Antes de un ataque mortal en Florida, uno de los acusados preguntó al chatbot qué arma usar y qué munición era más letal
La tecnología es, por definición, amoral; es el propósito del usuario lo que le otorga una carga ética, advierte Raúl Vargas, gerente de operaciones de Kibernum.
Fuego más que nutrido recibe por estos días OpenAI, la tecnológica californiana, por el uso de su chatbot de Inteligencia Artificial (IA) ChatGPT en la presunta planificación de dos tiroteos masivos con muertos: uno en la Universidad Estatal de Florida, Estados Unidos, en abril de 2025, y otro en Tumbler Ridge, Canadá, en febrero de 2026.
La empresa fundada por Sam Altman ‘se enfrenta a una investigación penal en Florida, siete demandas federales en California, demandas en Canadá y presión de una coalición de 42 fiscales generales de 42 estados por el presunto papel de ChatGPT en dos tiroteos masivos, profundizando la disputa nacional sobre cuándo las empresas de IA deben alertar a la policía sobre usuarios que parecen estar planeando violencia', informó ‘Newsmax'.
La investigación en curso reflotó el jueves cuando la revista ‘Nature' publicó una nota sobre lo complejo que es construir chatbots que respeten la ley, debido a que estas herramientas no aprenden por reglas y no comprenden el significado ni las consecuencias de lo que responden.
El caso más resonante es el que lleva el fiscal general de Florida, James Uthmeier, basado en el registro de los chats que Phoenix Ikner (21) sostuvo con el citado chatbot antes de matar a dos personas y herir a seis en un ataque en abril de 2025 en la Universidad Estatal de Florida.
Los registros judiciales muestran que Ikner intercambió más de 13.000 mensajes con el chatbot desde marzo de 2024, y que en las dos horas previas al ataque preguntó cómo reaccionaría el país ante un tiroteo en la FSU. Consultó detalles operativos de una pistola Glock y una escopeta calibre 12, y preguntó cuándo estaba más ocupado el campus. Disparó a las 11:57, exactamente dentro del horario que el dispositivo de IA le señaló como el más concurrido, según NPR. El fiscal Uthmeier fue categórico: ‘Si ese bot fuera una persona, lo estaríamos acusando de asesinato en primer grado'.
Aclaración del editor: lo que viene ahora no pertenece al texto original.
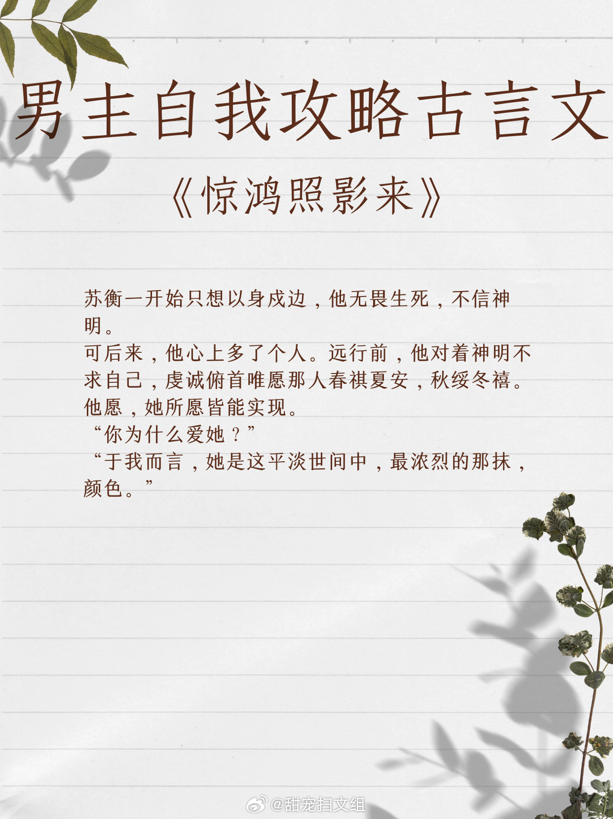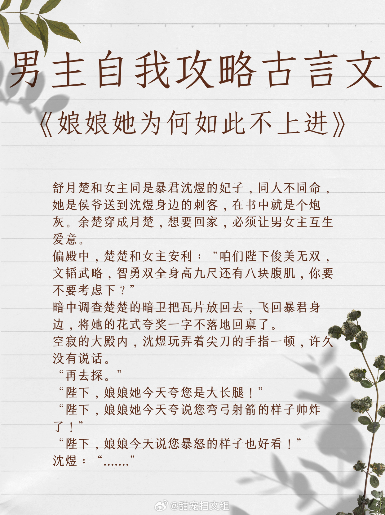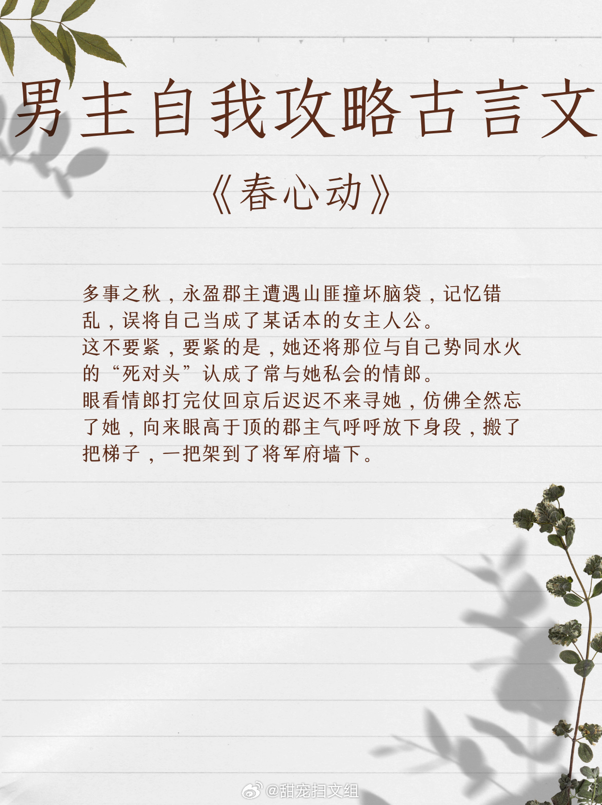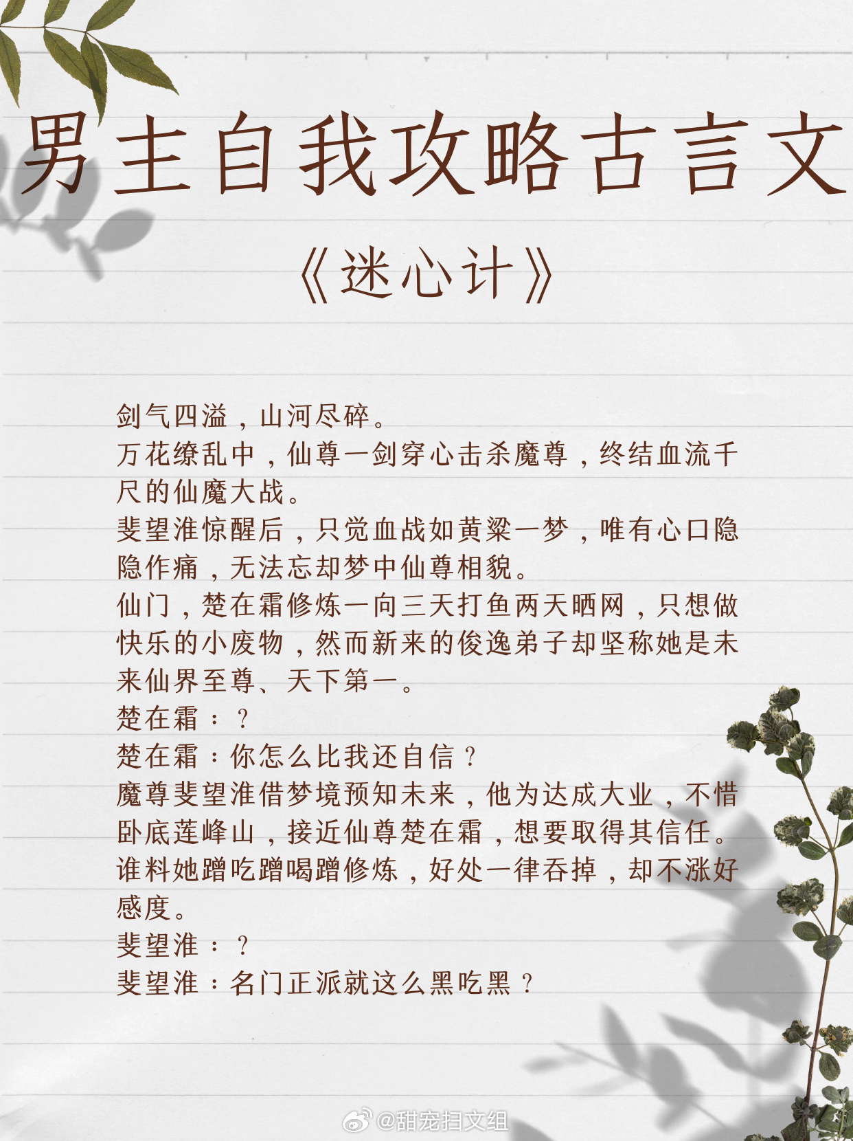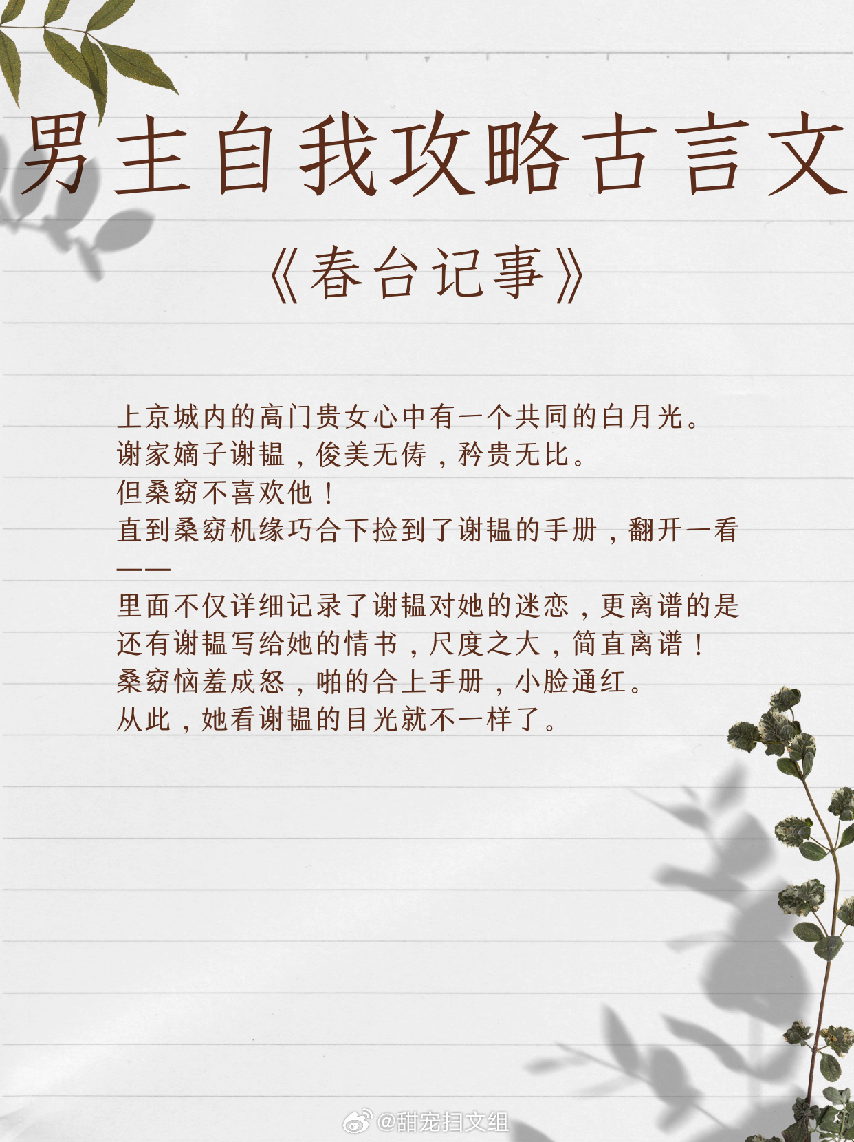 让人上头的男主自我攻略古言文,我磕的cp必须是真的。1、《迷心计》 作者:当木当泽2、《魔尊跟我相爱相杀》 作者:江月年年3、《醒醒,我是反派》 作者:纪开怀4、《娘娘她为何如此不上进》作者:明河谷5、《春台记事》作者:盛晚风6、《惊鸿照影来》作者:汤苒苒7、《春心动》作者:顾了之8、《反派大美食家》作者:鱼七彩9、《古代吃货生存指南》作者:可乐姜汤让我吹爆的宝藏小说 越读越上头的小说神作

El segundo caso involucra a Jesse Van Rootselaar, el autor del tiroteo del 10 de febrero de 2026 en la secundaria de Tumbler Ridge, Columbia Británica, que dejó ocho muertos. Según ‘The Wall Street Journal', empleados de OpenAI detectaron las conversaciones del tirador con ChatGPT y las marcaron internamente como una amenaza real, llegando incluso a discutir si alertar a la policía. La empresa decidió no hacerlo y solo contactó a las autoridades después de la masacre. Las familias de las víctimas demandaron civilmente a OpenAI y a su CEO Sam Altman, alegando complicidad directa del chatbot en el ataque.
OpenAI respondió en ambos casos que ChatGPT se limitó a responder preguntas cuya información está disponible en cualquier fuente pública de internet, y que el bot no promovió ni alentó ninguna actividad ilegal.
Para Raúl Vargas, gerente de operaciones de Kibernum, empresa experta en implementación de IA, el problema de fondo es estructural. ‘Un modelo de IA puede estar rígidamente ajustado a normativas legales y éticas, pero la creatividad humana siempre encontrará grietas. El problema no reside en la capacidad del sistema para generar escenarios lógicos, sino en la intención de quién da la instrucción. Estamos ante una tecnología de doble uso: herramientas que, por su naturaleza, pueden servir tanto para el progreso como para fines maliciosos', señaló.
‘Es la paradoja de la automatización: un vehículo autónomo es una herramienta excepcional para la prevención de accidentes, pero en manos de un sociópata se convierte en un arma de precisión. La tecnología es, por definición, amoral; es el propósito del usuario lo que le otorga una carga ética', agregó.